If one participant, anchor, role, or authority-holder leaves, the system must not simply say:

“the rest continues.”

It also must not dramatize every departure as a split.

The threshold is narrower:

Does exactly one lawful successor composition remain?

If yes, the transition may be EXIT.

If multiple incompatible successor claims remain, it is SPLIT.

If evidence, standing, authority, witness lineage, obligation status, or temporal window state is unclear, the correct state is HOLD / FREEZE.

If no admissible successor remains, it may be DISSOLVE — but only after witnessed successor-space exhaustion.

That is the purpose of the A6 Composition Transition Predicate Addendum v0.1.4.

It makes explicit a transition predicate for A6 governed composition in the c = a + b corpus.

The key point is not terminology.

The key point is anti-laundering.

A system must not launder uncertainty into action.

A witness record after the fact does not make an unclassified transition lawful.

A missing claimant is not proof that the successor space is exhausted.

A checker is not a court.

A hidden judgment inside a function name is still judgment, not computation.

This addendum went through four b-layer semantic review passes. The review cycle did not continue indefinitely. It converged.

The sequence moved from a blocking issue in the core successor predicate, to a second-order predicate on SPLIT, to a minor leaf predicate, and finally to closure of the predicate-review surface.

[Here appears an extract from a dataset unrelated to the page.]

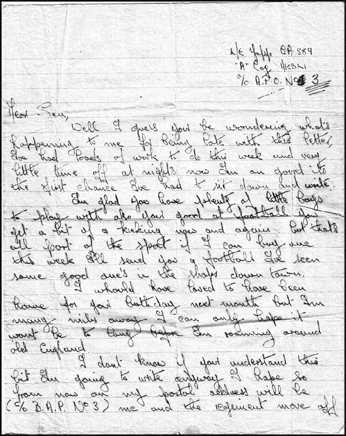 This is the letter he sent his son when he was about to embark to the battleground in Korea. The BBC had let the cat out of the bag in the news that they were on their way to Korea.
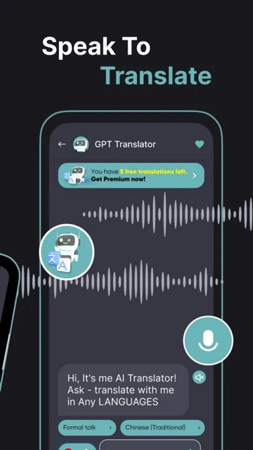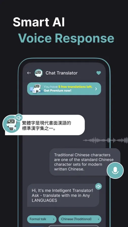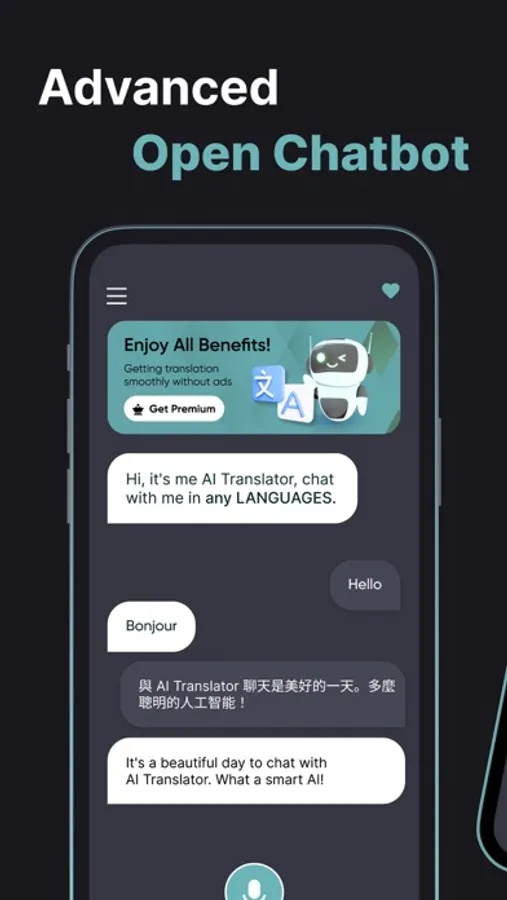 Translate Now using voice & text with Smart AI Chatbot, supporting over 200+ languages.

That matters because governance documents often fail in two opposite ways:

They either remain too vague to implement, or they pretend every ambiguity can be resolved mechanically.

This document takes the middle path:

make decidable predicates explicit; mark windowed predicates as time-state records; route escalate-only predicates to review; default unresolved transitions to HOLD.

Publication page: https://ivankotov.eu/publications/a6-ctp-v0-1-4/

DOI: https://zenodo.org/records/21227129

Parent A6 artifact: https://zenodo.org/records/20752182

This is not a product claim, not legal advice, not a safety proof, and not a claim of personhood.

It is a bounded governance artifact: a way to say, precisely, when a composition continues, exits, splits, holds, or ends.